Since the beginning of the pandemic, Covid-related restrictions kept families closer to home causing more spending on goods and less spending on services. This major change in consumption patterns in the U.S. has been driving up demand for shipping ever since, causing more congestion in ports and the surrounding infrastructure. As we enter the 2021 holiday season, it is clear now that businesses are struggling more and more every day to fulfill orders from U.S. consumers and it looks like this year’s holiday season will be remembered as the year the supply chain took the number one spot in many companies’ concerns.
The shipping industry has been faced with countless Covid-related issues during the pandemic.
These issues include port lockdowns, container shortages, blank sailings, ships being taken out of service, an overall reduction in shipping capacity, shipping backlogs, truck-driver shortages, port bottlenecks, constant lockdowns in Asia, widespread factory closures, labor shortages and the list goes on. All these issues combined are the root cause of this holiday season supply chain challenge. As we approach the end of 2021, many of the current issues seem to have no easy solution in the immediate future. All-time high shipping rates and all-time low service reliability is the new norm. Containers are still very hard to come by, especially from Southeast Asia where there are less options.
Shipping containers, once an ordinary cog in the global supply chain, have become a coveted and expensive lifeline for the nation’s retailers and manufacturers.

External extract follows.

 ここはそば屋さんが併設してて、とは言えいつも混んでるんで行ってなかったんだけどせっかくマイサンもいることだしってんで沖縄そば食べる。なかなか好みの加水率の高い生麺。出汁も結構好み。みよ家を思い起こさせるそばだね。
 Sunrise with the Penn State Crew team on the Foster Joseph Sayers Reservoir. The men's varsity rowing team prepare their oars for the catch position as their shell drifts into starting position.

They are in such short supply that companies are having to rethink how they stock shelves, placing a premium on smaller, more compact merchandise. We see countless new orders to produce new containers. Container manufacturers are expected to make 6.4 million new containers this year, more than double their pre-pandemic output. But those efforts are being hampered by shortages in raw materials, such as steel and lumber, as well as welders.

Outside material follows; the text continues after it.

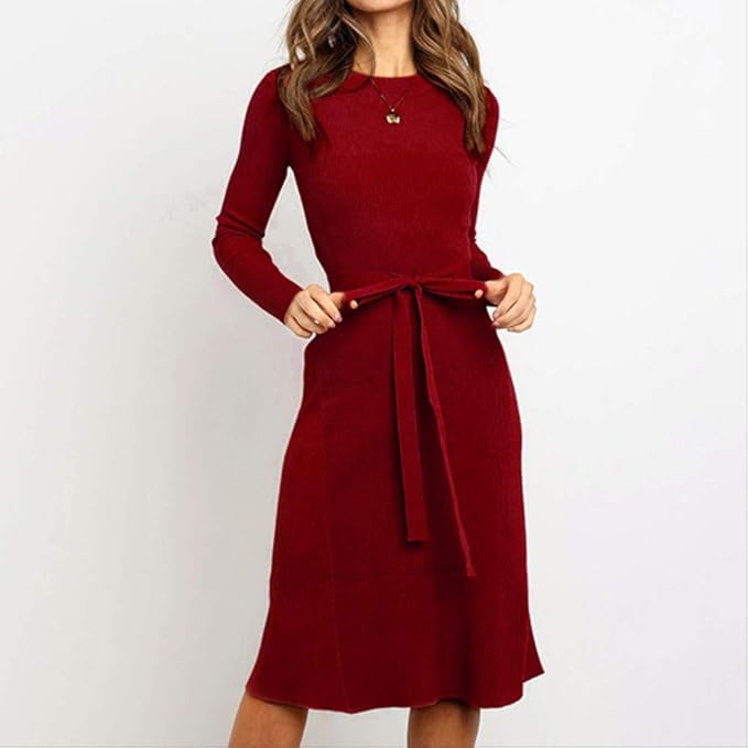 Mnbv Kleid Herbst Winter Strickpullover Kleid Frauen Sexy O Hals Langarm A Linie Kleid Damen Knie Party Kleid Gurtel M Weinrot Amazon De Bekleidung
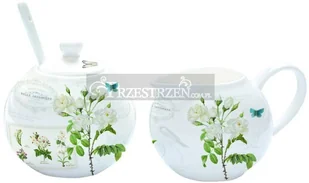 komplet: cukiernica, mlecznik oraz łyżeczka, w kolorze białym wykonane z porcelany. Komplet ozdobiony motywami kolorowych kwiatów. Całość jest zapakowana w eleganckie pudełko. Wysokość mlecznika: 7 cm, srednica:

We now see that world’s largest retailers, like Ikea, are acquiring their own containers. Many others like Walmart, Target, Home Depot and Costco are chartering ships to get high-priority goods delivered on time.

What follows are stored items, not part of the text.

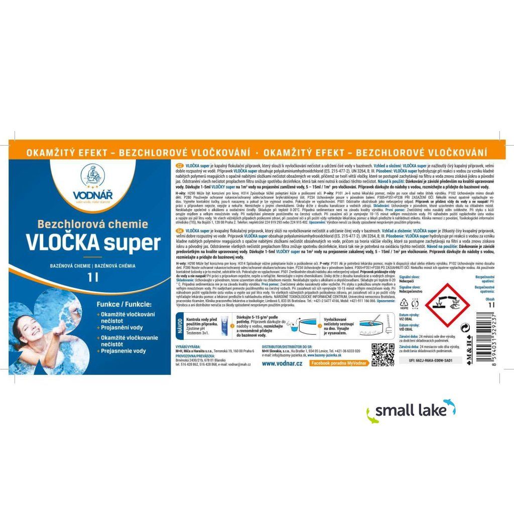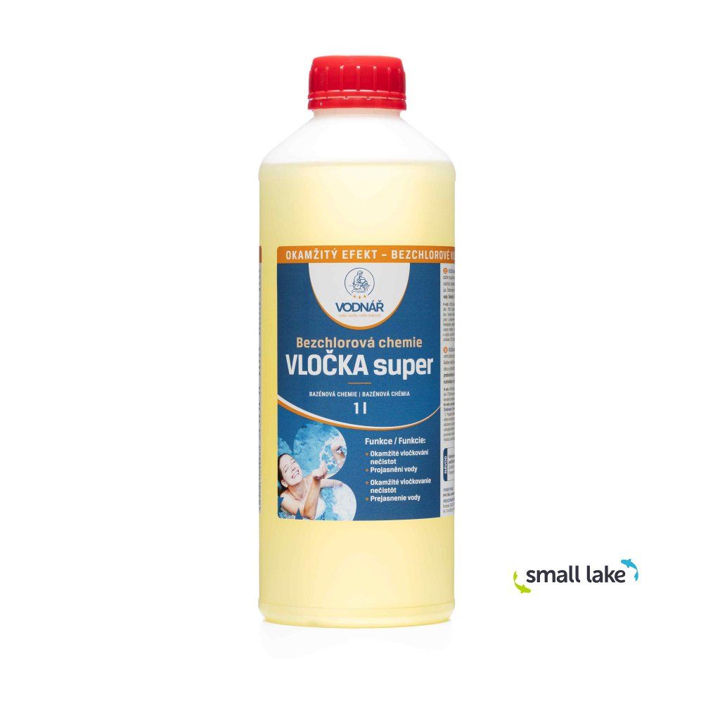 Vodnář Vločka Super je vysoce účinný tekutý vločkovač určený k rychlému projasnění zakalené bazénové vody a odstranění jemných nečistot. Po aplikaci se ve vodě tvoří kladně nabité polymery, které vážou drobné částice, řasy a organické nečistoty do větších vloček. Tyto vločky se následně snadno zachytí ve filtru nebo usadí na dně bazénu, odkud je lze odstranit vysavačem.
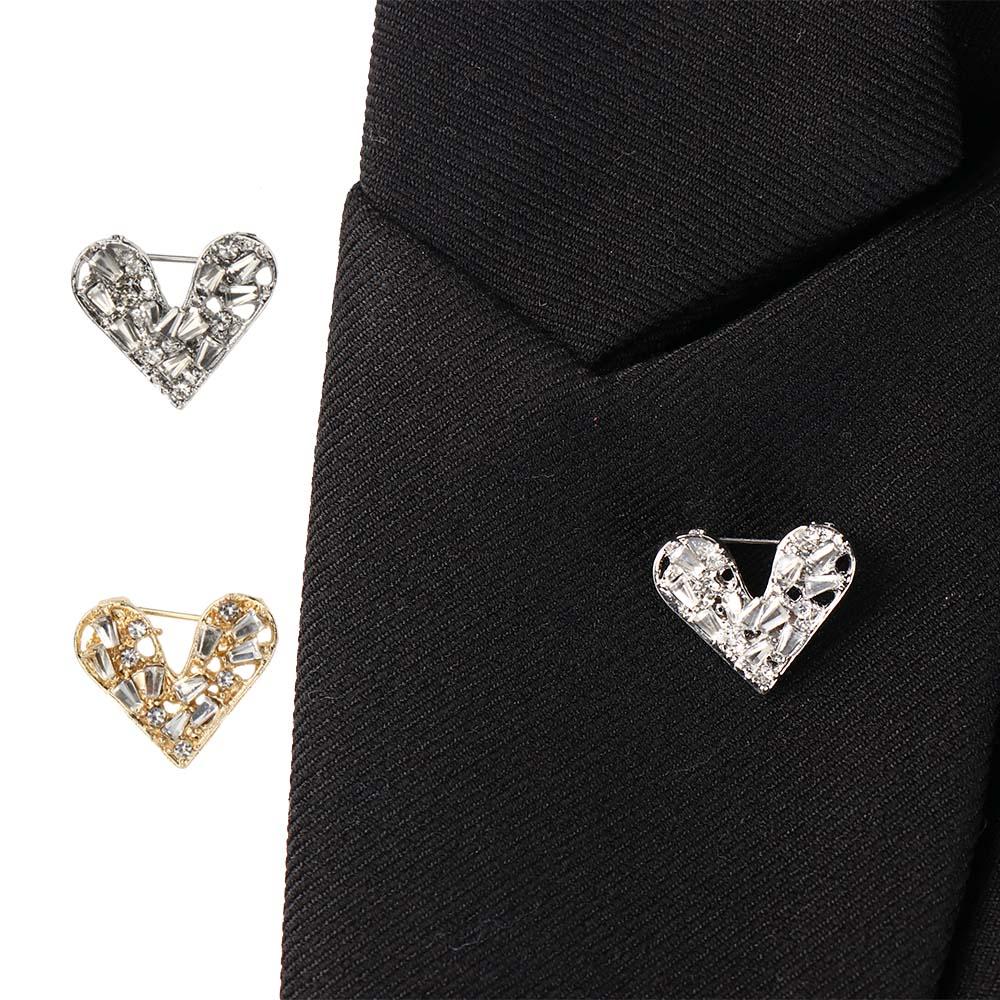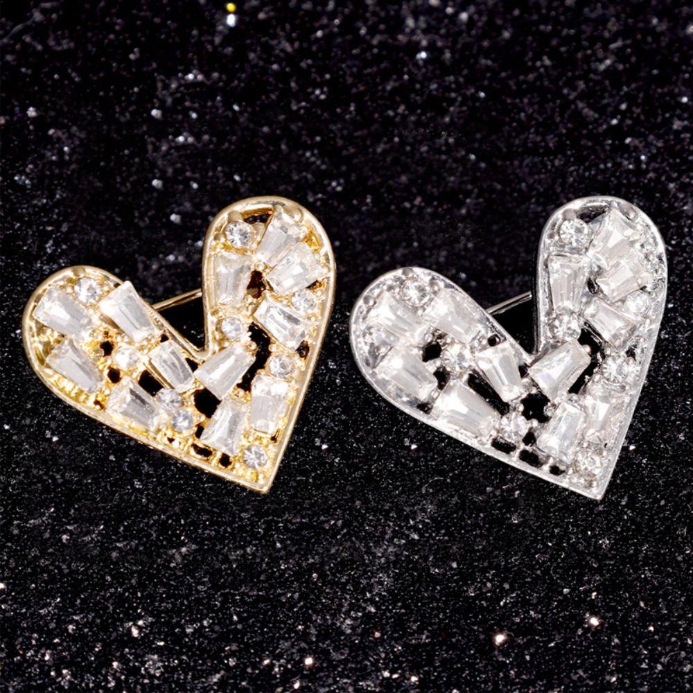 Rectangular Heart Brooch Korean Style Hollow Heart Breastpin Exquisite Rhinestone Pin Women
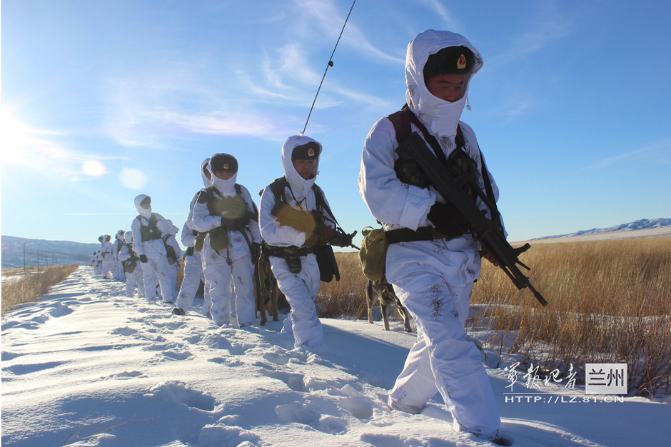 图为解放军边防部队在边境武装巡逻,新型雪地伪装服与周围环境相差无几,而未经伪装的战斗装具与自动步枪则显得很抢眼。大概是常规部队,又是执行常规任务的原因,伪装细节上还不够,相信在不久的未来也会得到改进。图片来源:军报记者网

So, the remedy isn’t as simple as just injecting more containers into the market.
Because the container shortage is closely intertwined with many other aspects of shipping as unreliable vessel schedules, port closures, a labor shortage and many other serious fundamental shifts, all components need to be addressed along with container shortages to see a real change. We are seeing countless ships waiting off the California coast, unable to unload their cargo. Port productivity, along with port capacity must be improved. Although we’re seeing progress in places like the Ports of Los Angeles and Long Beach, we must be prepared for more volatility and uncertainty heading into 2022.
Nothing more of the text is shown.